╭──

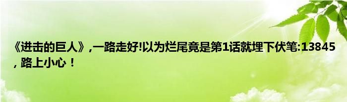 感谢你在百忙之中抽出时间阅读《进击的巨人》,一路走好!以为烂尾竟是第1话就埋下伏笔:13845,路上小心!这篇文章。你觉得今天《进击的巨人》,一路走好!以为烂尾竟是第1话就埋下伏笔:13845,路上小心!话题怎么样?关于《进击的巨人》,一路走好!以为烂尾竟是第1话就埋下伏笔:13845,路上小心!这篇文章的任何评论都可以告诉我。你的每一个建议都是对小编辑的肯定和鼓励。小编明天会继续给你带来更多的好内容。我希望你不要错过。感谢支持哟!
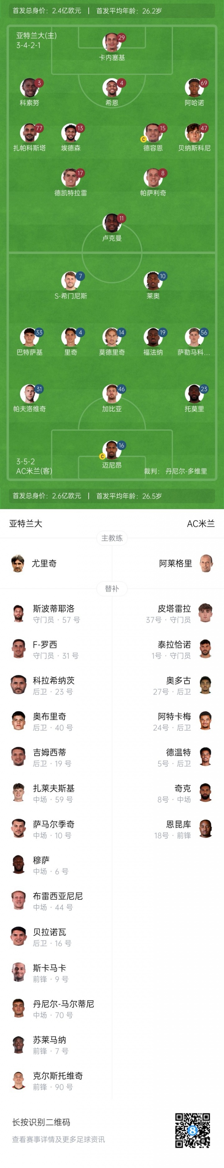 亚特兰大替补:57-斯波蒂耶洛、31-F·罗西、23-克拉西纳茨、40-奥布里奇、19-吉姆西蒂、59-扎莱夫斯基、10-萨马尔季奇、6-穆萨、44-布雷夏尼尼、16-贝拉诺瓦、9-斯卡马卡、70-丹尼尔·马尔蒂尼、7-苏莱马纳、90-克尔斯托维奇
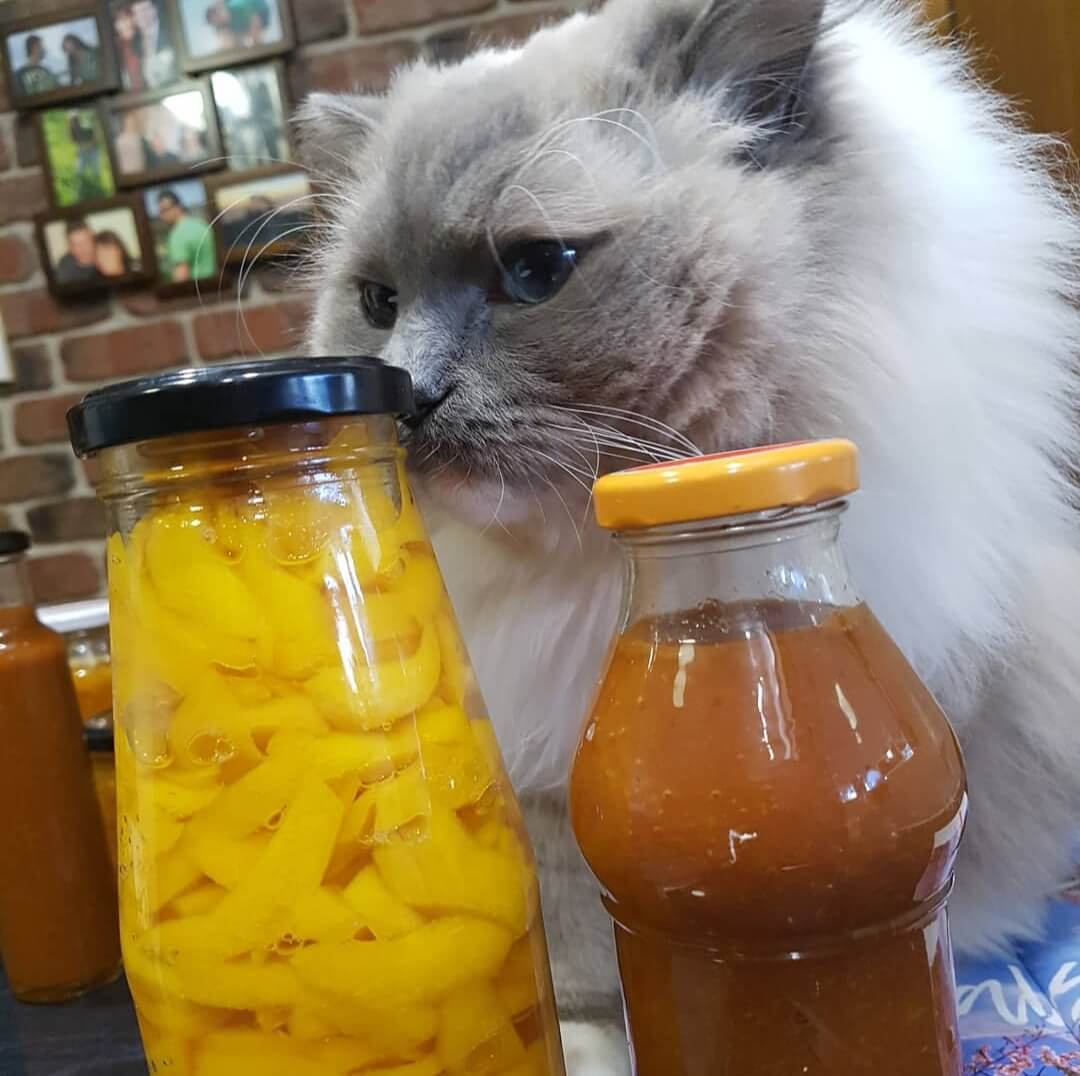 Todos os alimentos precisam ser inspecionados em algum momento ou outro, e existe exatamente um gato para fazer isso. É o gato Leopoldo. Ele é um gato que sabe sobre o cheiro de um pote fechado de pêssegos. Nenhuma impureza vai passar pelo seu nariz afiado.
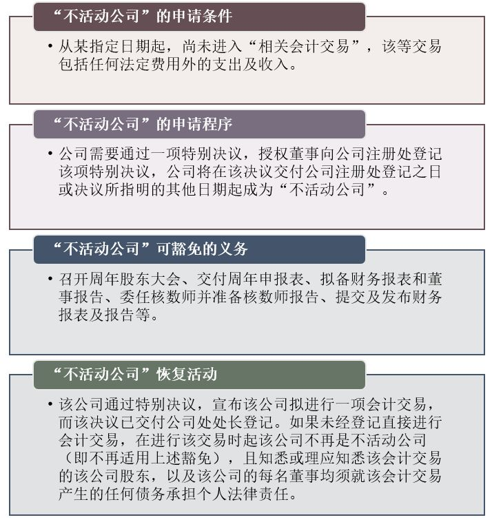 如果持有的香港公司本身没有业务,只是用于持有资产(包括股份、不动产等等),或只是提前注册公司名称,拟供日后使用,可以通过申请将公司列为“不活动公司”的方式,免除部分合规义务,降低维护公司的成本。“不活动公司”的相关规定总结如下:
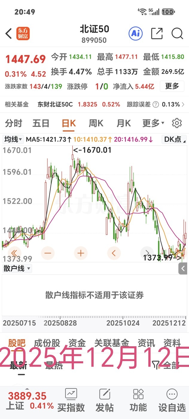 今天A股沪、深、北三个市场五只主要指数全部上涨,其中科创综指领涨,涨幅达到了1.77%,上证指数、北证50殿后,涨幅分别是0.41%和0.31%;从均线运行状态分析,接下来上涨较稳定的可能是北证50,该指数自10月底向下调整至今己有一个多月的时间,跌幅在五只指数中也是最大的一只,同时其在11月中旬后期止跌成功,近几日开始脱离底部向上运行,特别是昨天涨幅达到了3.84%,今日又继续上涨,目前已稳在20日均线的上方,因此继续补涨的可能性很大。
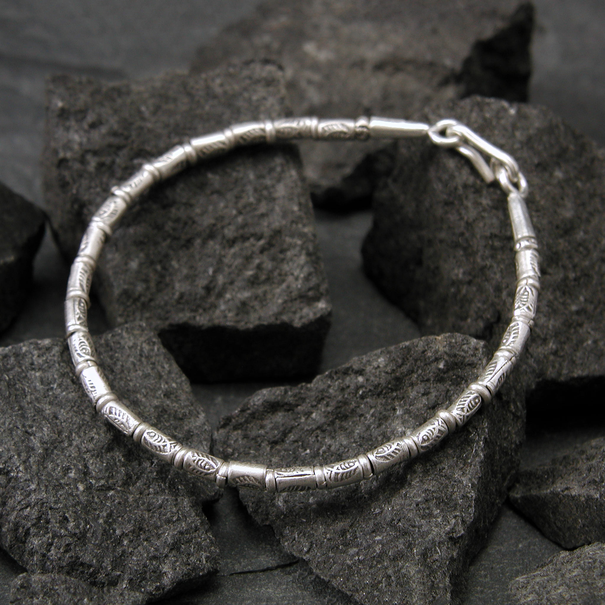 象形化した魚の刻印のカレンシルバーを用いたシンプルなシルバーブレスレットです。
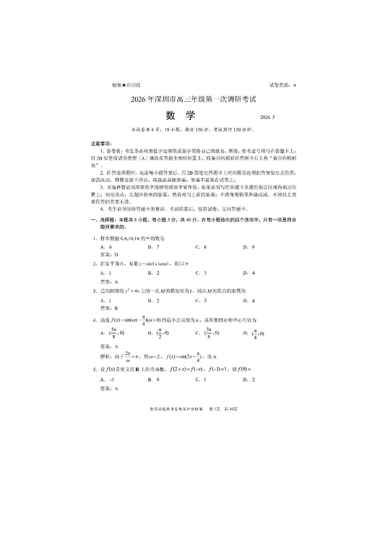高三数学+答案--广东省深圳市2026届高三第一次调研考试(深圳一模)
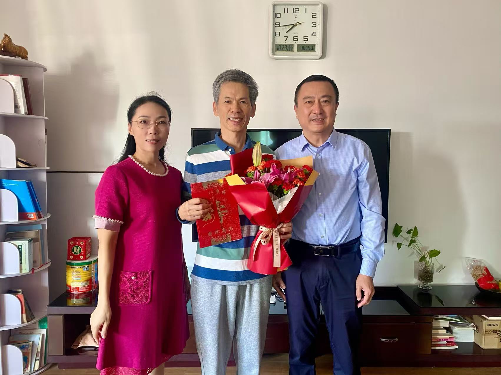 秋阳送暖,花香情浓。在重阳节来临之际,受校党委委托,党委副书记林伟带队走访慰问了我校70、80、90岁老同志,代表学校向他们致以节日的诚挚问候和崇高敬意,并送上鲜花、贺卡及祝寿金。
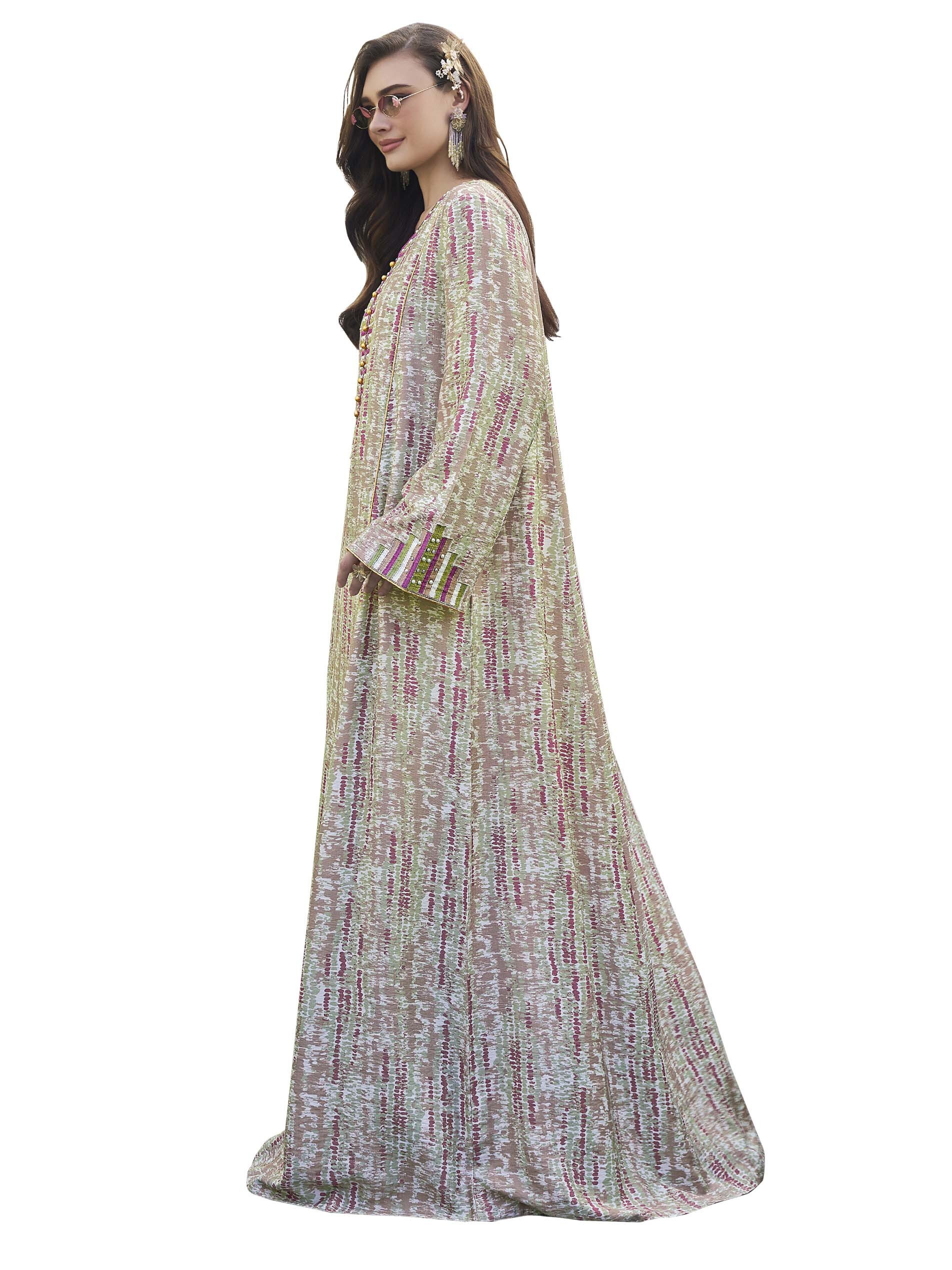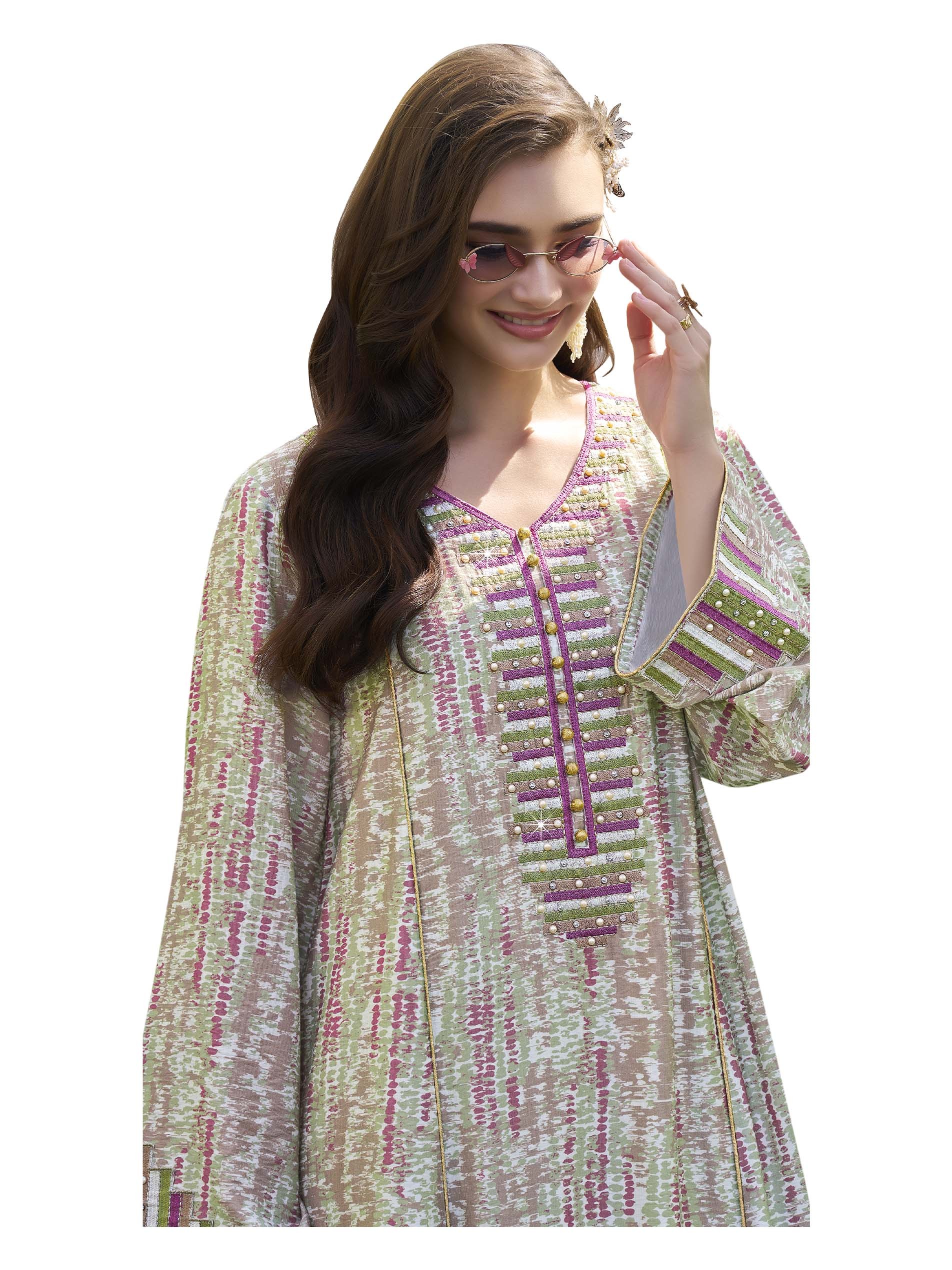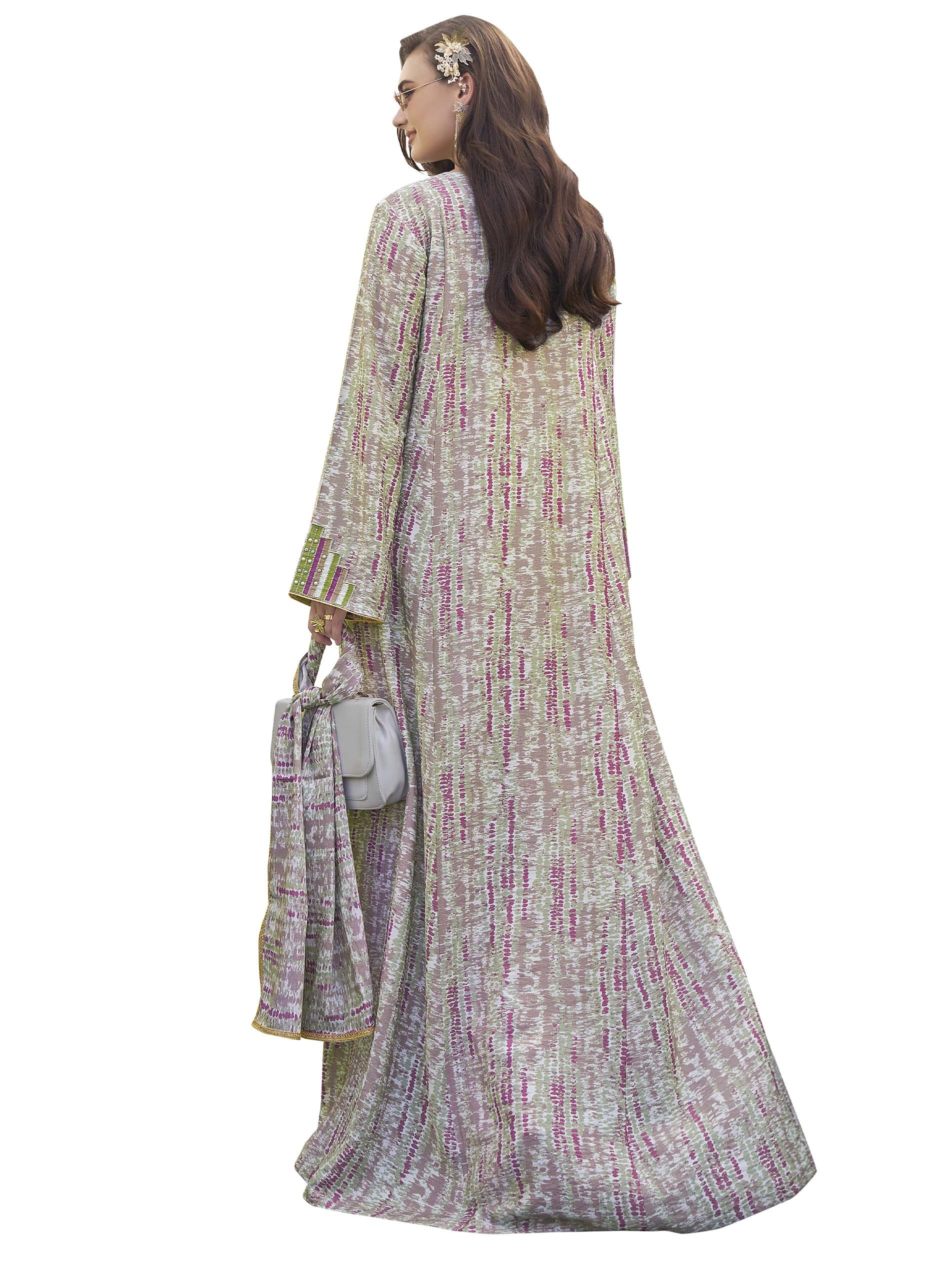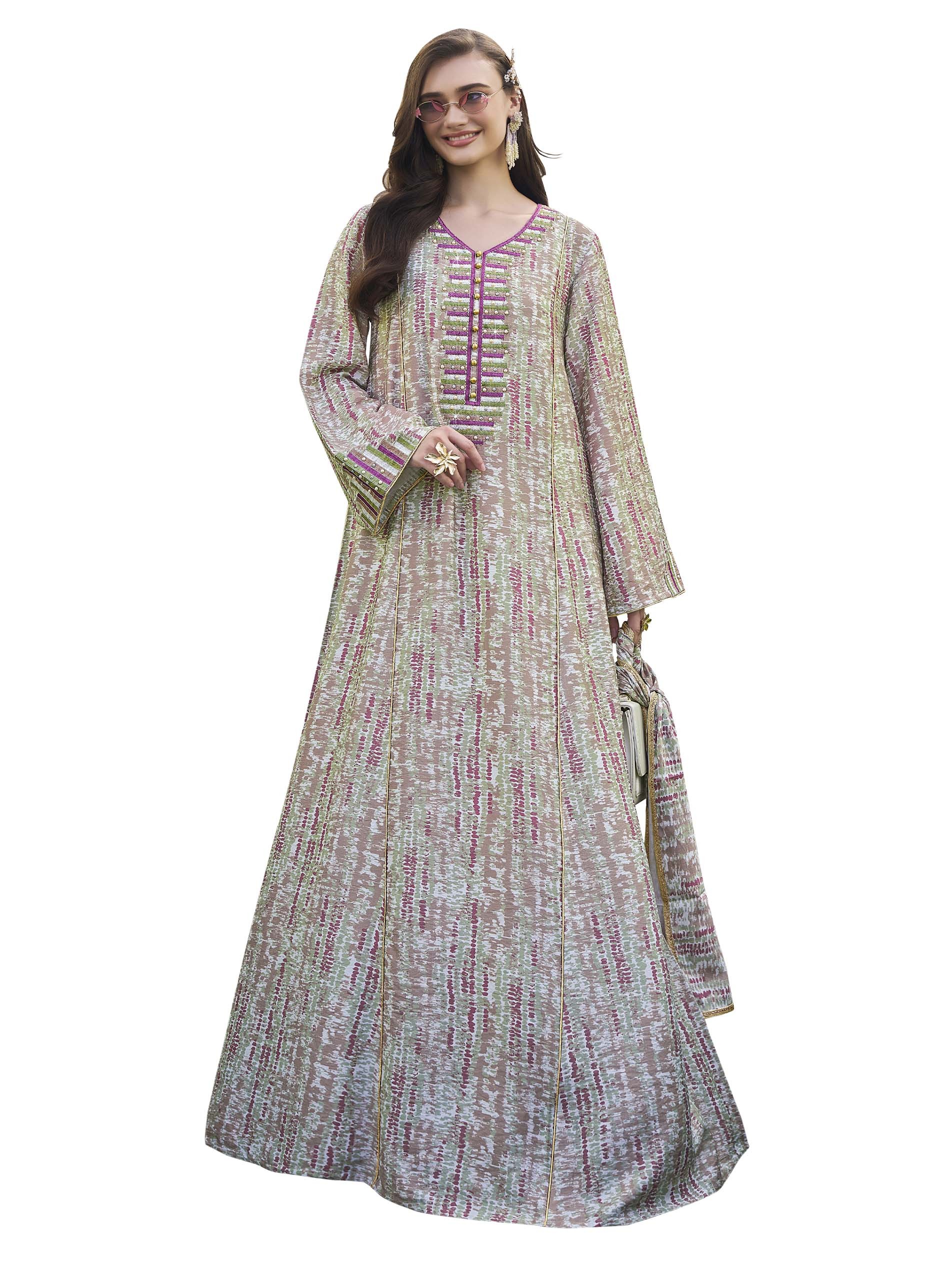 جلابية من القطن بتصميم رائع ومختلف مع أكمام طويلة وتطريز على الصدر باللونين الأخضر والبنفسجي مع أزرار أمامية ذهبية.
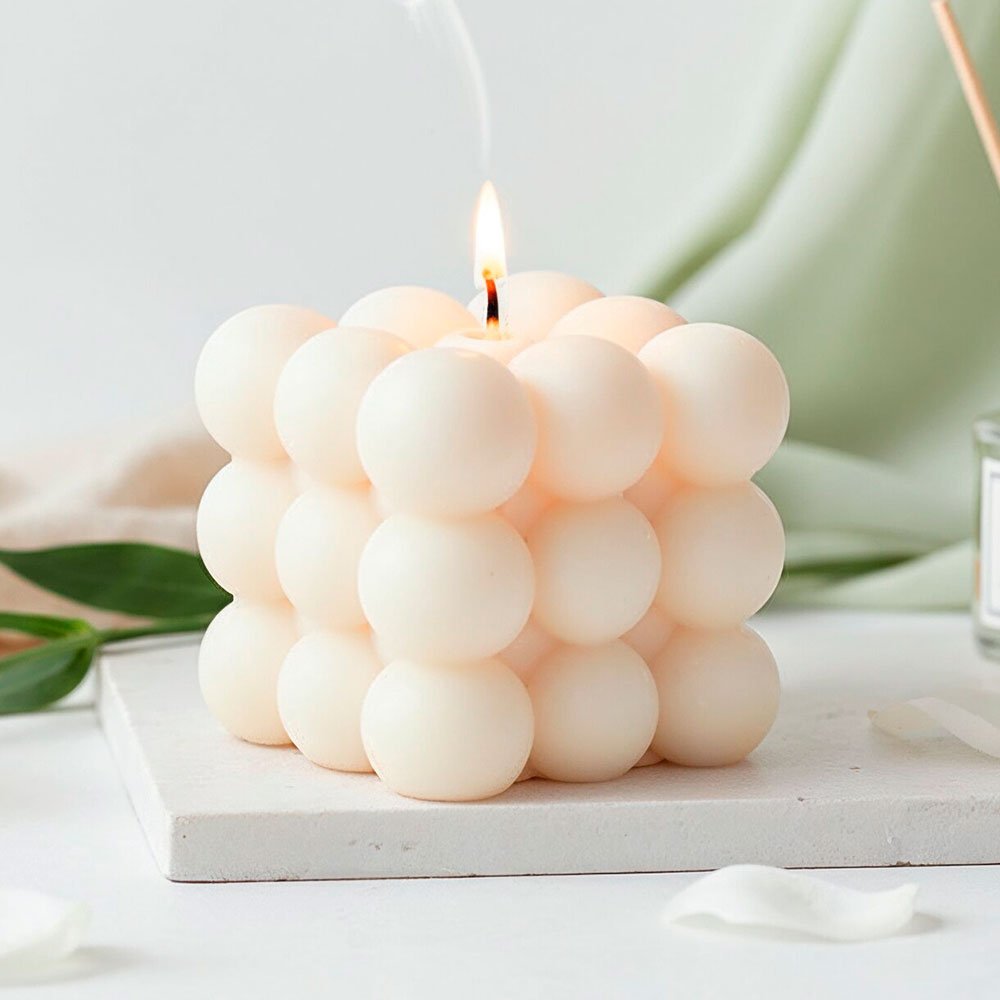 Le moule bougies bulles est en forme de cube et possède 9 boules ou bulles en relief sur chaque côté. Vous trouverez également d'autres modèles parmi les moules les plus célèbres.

╰──

**HOW TO COMPLETE THIS TASK:**
Produce the full material again verbatim, with the pictures dropped.

**RESULT:**
 感谢你在百忙之中抽出时间阅读《进击的巨人》,一路走好!以为烂尾竟是第1话就埋下伏笔:13845,路上小心!这篇文章。你觉得今天《进击的巨人》,一路走好!以为烂尾竟是第1话就埋下伏笔:13845,路上小心!话题怎么样?关于《进击的巨人》,一路走好!以为烂尾竟是第1话就埋下伏笔:13845,路上小心!这篇文章的任何评论都可以告诉我。你的每一个建议都是对小编辑的肯定和鼓励。小编明天会继续给你带来更多的好内容。我希望你不要错过。感谢支持哟!
 亚特兰大替补:57-斯波蒂耶洛、31-F·罗西、23-克拉西纳茨、40-奥布里奇、19-吉姆西蒂、59-扎莱夫斯基、10-萨马尔季奇、6-穆萨、44-布雷夏尼尼、16-贝拉诺瓦、9-斯卡马卡、70-丹尼尔·马尔蒂尼、7-苏莱马纳、90-克尔斯托维奇
 Todos os alimentos precisam ser inspecionados em algum momento ou outro, e existe exatamente um gato para fazer isso. É o gato Leopoldo. Ele é um gato que sabe sobre o cheiro de um pote fechado de pêssegos. Nenhuma impureza vai passar pelo seu nariz afiado.
 如果持有的香港公司本身没有业务,只是用于持有资产(包括股份、不动产等等),或只是提前注册公司名称,拟供日后使用,可以通过申请将公司列为“不活动公司”的方式,免除部分合规义务,降低维护公司的成本。“不活动公司”的相关规定总结如下:
 今天A股沪、深、北三个市场五只主要指数全部上涨,其中科创综指领涨,涨幅达到了1.77%,上证指数、北证50殿后,涨幅分别是0.41%和0.31%;从均线运行状态分析,接下来上涨较稳定的可能是北证50,该指数自10月底向下调整至今己有一个多月的时间,跌幅在五只指数中也是最大的一只,同时其在11月中旬后期止跌成功,近几日开始脱离底部向上运行,特别是昨天涨幅达到了3.84%,今日又继续上涨,目前已稳在20日均线的上方,因此继续补涨的可能性很大。
 象形化した魚の刻印のカレンシルバーを用いたシンプルなシルバーブレスレットです。
高三数学+答案--广东省深圳市2026届高三第一次调研考试(深圳一模)
 秋阳送暖,花香情浓。在重阳节来临之际,受校党委委托,党委副书记林伟带队走访慰问了我校70、80、90岁老同志,代表学校向他们致以节日的诚挚问候和崇高敬意,并送上鲜花、贺卡及祝寿金。
 جلابية من القطن بتصميم رائع ومختلف مع أكمام طويلة وتطريز على الصدر باللونين الأخضر والبنفسجي مع أزرار أمامية ذهبية.
 Le moule bougies bulles est en forme de cube et possède 9 boules ou bulles en relief sur chaque côté. Vous trouverez également d'autres modèles parmi les moules les plus célèbres.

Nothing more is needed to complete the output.